Performance Support Issue

Ever Faster Change - Ever Faster Learning?

Den Bosch (NL), January 2013 - When everything is changing faster and faster, we need to learn faster and faster, right? In a recent interview, this question was posed to two prominent advocates of performance support: Ontuitive's Conrad Gottfredson and Bob Mosher, pioneers of working and learning simultaneously.

Den Bosch (NL), January 2013 - When everything is changing faster and faster, we need to learn faster and faster, right? In a recent interview, this question was posed to two prominent advocates of performance support: Ontuitive's Conrad Gottfredson and Bob Mosher, pioneers of working and learning simultaneously.


"In a world where drastic technological changes constantly challenge the workforce, market, and society, both employers and employees have to acknowledge that permanent learning is crucial. But there's a sense of frustration among both. Even when the content is a hit, employees hardly ever remember anything they have learned when they need to apply it," says Bob Mosher, Microsoft's former training director and now the chief learning and strategy evangelist at Ontuitive.
"The big problem with training in a business context is not that there isn't enough training - there's often too much of it - but that people don't get the best out of it."

What is performance support?


Bob Mosher: Performance support offers the correct information to employees exactly when they need it: during work. It can be compared to a brief instruction that an employee reads - learning something new or refreshing memory - immediately applying the instruction.

The problem with training is that it often loses its connection with performance: As soon as we abandon the perspective of application, our view of training changes. Performance support organises training differently, shifting the focus from 'learning to use', to the 'application of what's learned'.

Should the trainers ensure that learning is applied?


Conrad Gottfredson: Of course. Trainers have put too much emphasis on learning: They have spent far too much time on learning to memorise skills and too little on the learning needed to apply them. With performance support, trainers stick to the fundamental skills needed for people to be able to get started, and their emphasis shifts to problem-based learning. The trainers are no longer just teachers; they're also guides who build bridges between the course and the workplace.

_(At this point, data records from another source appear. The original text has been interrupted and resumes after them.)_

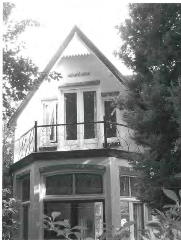
Villa Maria, Bilderdijklaan 58.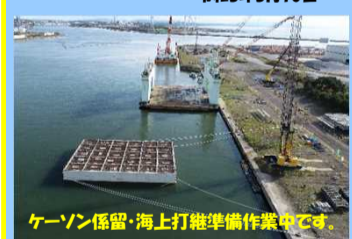
ケーソン係留・海上打撃準備作業中です。

工事名：秋田港外港地区防波堤 (第二南)本体工事 施工業者：あおみ建設株式会社 工事内容：防波堤の製作工事を行っています。 進捗状況：68.0% 工事期間：令和2年6月11日 ~ 令和3年3月10日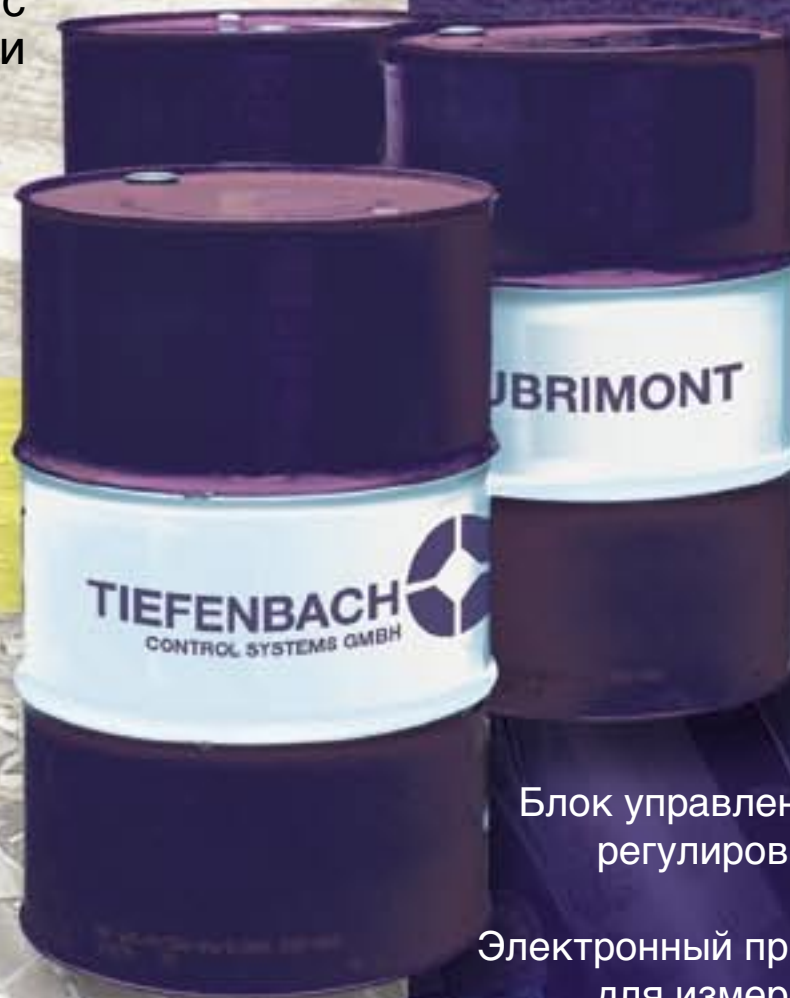
Бак концентрата HFA

Концентрат HFA, поставляемый в бочках с поверхности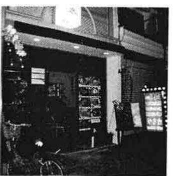
10 やき丸 / 韓国料理の店。キムチなど店頭販売もあります。食堂のよう。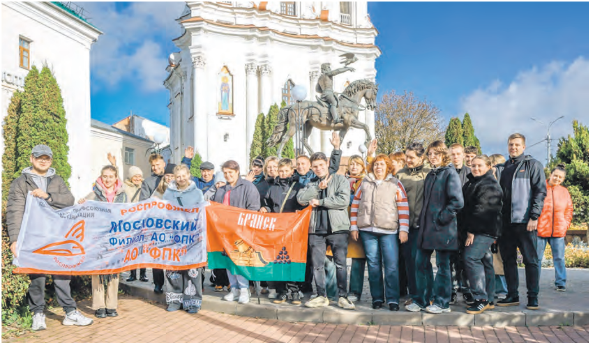
Члены профсоюза вагонного участка Брянск Московского филиала АО «ФПК» с детьми посетили город Витебск, расположенный на берегах двух рек: Западной Двины и Витьбы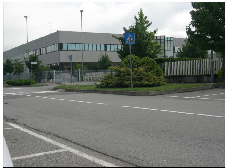
Posizione: Via G. Brodolini Tipologia: mancanti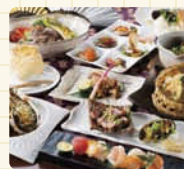
遊びやかな大人の時間を...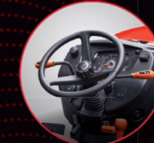
ਟਿਲਟ ਐਂਡ ਟੈਲੀਸਕੋਪਿੰਗ ਸਟੀਅਰਿੰਗ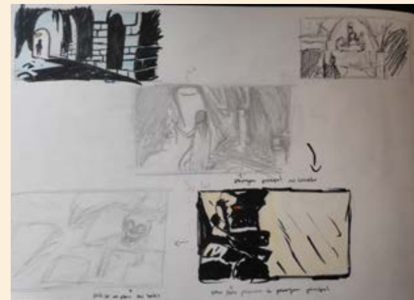
Em baixo: Testes com auxilio de referencias com registo tradicional.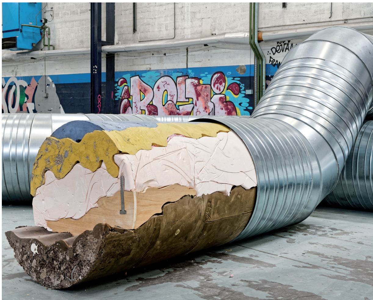
Holly Hendry, Deep Soil Thrombosis , 2019, conduits en acier, plâtre, Jesmonite, bois, techniques mixtes.

La Biennale 2019 est aux antipodes de la foire parisienne. Elle se déroule en région, dans une ancienne usine loin du luxe du Grand Palais et présente un large ensemble d'installations très expérimentales en majorité produites pour la manifestation. PAGES 13 ET 14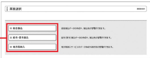
総合振込、給与・賞与振込、地方税納入

「データ伝送サービス」メニューをクリックしてください。続いて業務選択画面が表示されますので、「総合振込」「給与・賞与振込」「地方税納入」のいずれかのボタンをクリックしてください。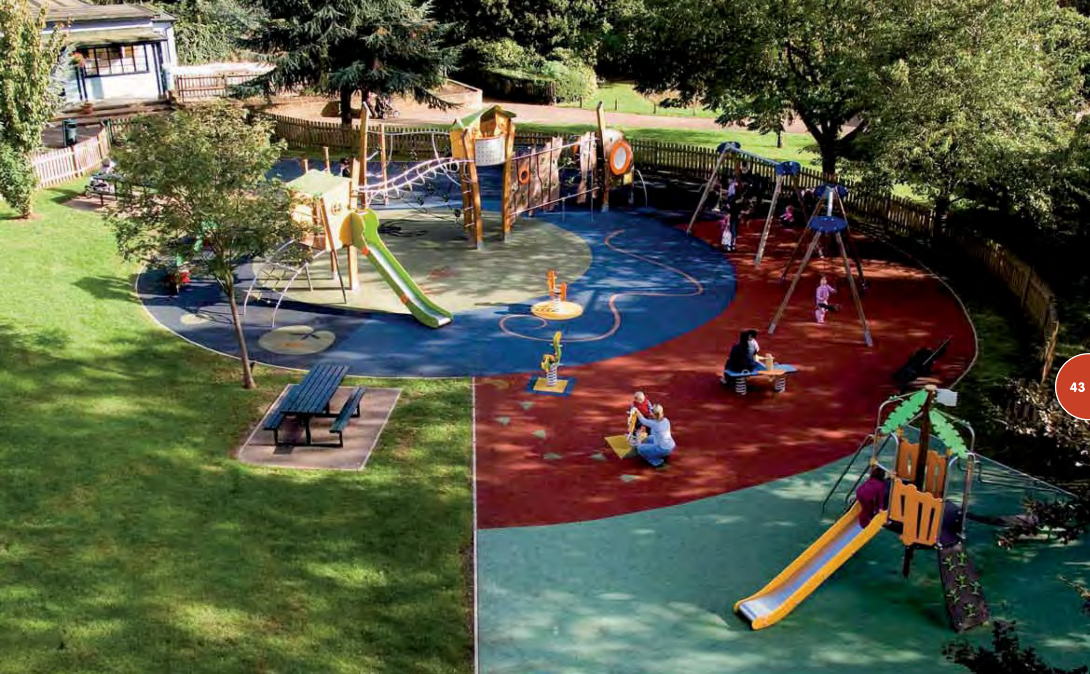
Speelterrein met een Kanopé-structuur, loopbruggen, veertoestellen en een Tema Amazonia-structuur.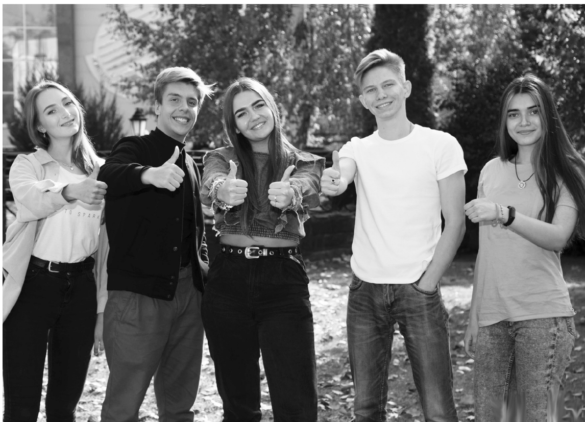
■ Тольяттинский госуниверситет лидирует среди опорных вузов России по итогам реализации своей Программы развития

Т ольяттинский госуниверситет (ТГУ) признан лучшим среди 33 опорных вузов России по результатам оценки деятельности опорных университетов за 2020 год. Об этом сообщил председатель комитета Государственной думы по промышленности и торговле, первый вице-президент Союза машиностроителей России Владимир Гутенёв на расширенном заседании наблюдательного совета Научно-образовательного центра (НОЦ) мирового уровня «Инженерия будущего».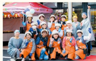
デポーの運営を受託する「ワーカーズコレクティブ ぶくの輪」のみなさん

3月4日(金)に、生活クラブ生協埼玉で第3号店となるお店、「デポー越谷」がオープン。組合員・職員、大勢の力を結集し、目標1000人の仲間づくりも達成しました。店舗ではオリジナルの食材・生活用品の販売だけでなく、サステイナブルな暮らし方を発信します。コロナ禍で活動自体が難しいですが、今後は地域に根差し、地域課題に取り組むまちづくりも進めていきます。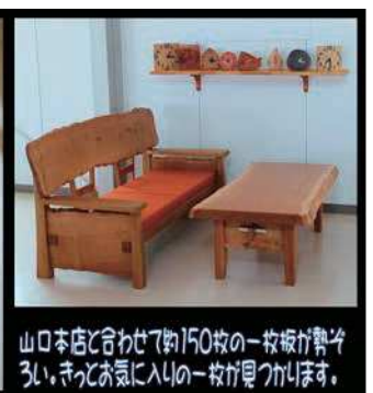
山口本店と合わせて約150枚の一枚板が貯けずい。きっとお気に入りの一枚が見つかります。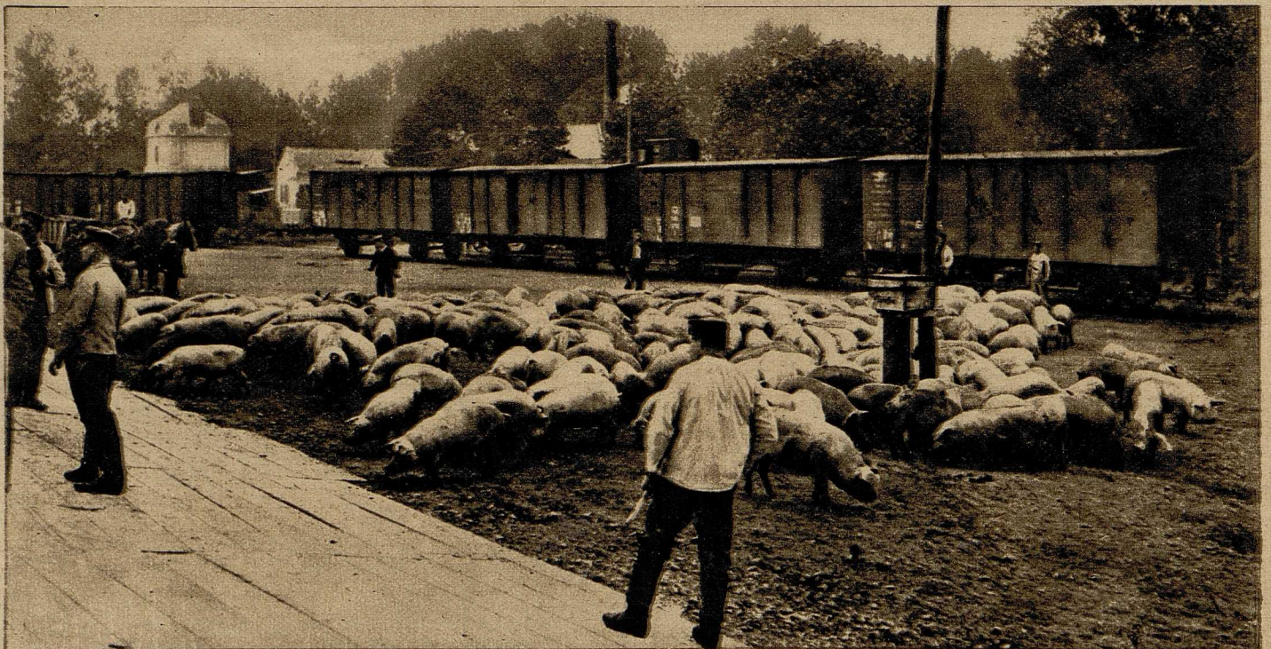
Unten: Antrieb von Schweinen für eine Truppenabteilung auf einem französischen Bahnhof.

Nationen voran. Durch die gründlichste wissenschaftliche Durchbildung unserer Landwirte, durch rastlose Aufklärungs- und Belehrungsarbeit der Bauern haben wir es dahin gebracht, daß der deutsche Boden das Zehn-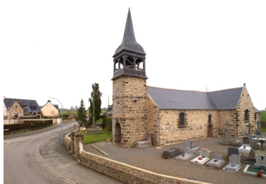
L'église Saint-Martin et son enclos : vue de situation sud-ouest IVR53_20023502519NUCA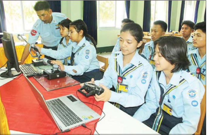
ရေကြောင်း၊ လေကြောင်းလူငယ်သင်တန်းသား သင်တန်းသူများအား သက်ဆိုင်ရာဘာသာရပ်အလိုက် နည်းပြများက သင်ကြားပို့ချပေးစဉ်။

နတ်မောက်မြို့နယ် မြို့မပျိုးဥယျာဉ်၌ ပျိုးပင်ပေါင်း ၉၃၄၀၀ ပျိုးထောင်ထားရှိ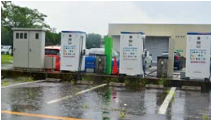
電気自動車用の電気供給ボックス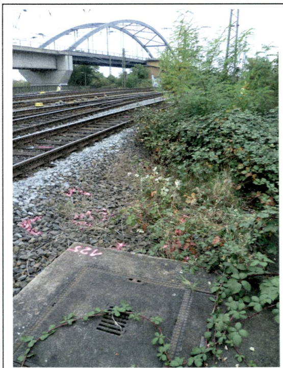
Bild 4. S/RKS/DPL-5 125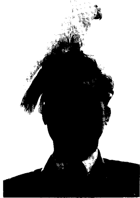
鸚鵡調教

Think of the increasingly shorter shelf life of certain products. Some course material is outdated the moment the course starts. To survive, organisations have to be able to learn at the same speed at which changes take place - constantly learning and applying new skills.

Does this mean the end of standard training, the general packages?


Conrad Gottfredson: No, absolutely not. But we have to make the most of it in the time we're being allocated.

Bob Mosher: The trainer has a very important role: as a teacher of the essentials and as the person who learns to use the support instruments and references. The trainer is not one to answer questions, but rather a catalyst to increase the employees' level of self-sufficiency.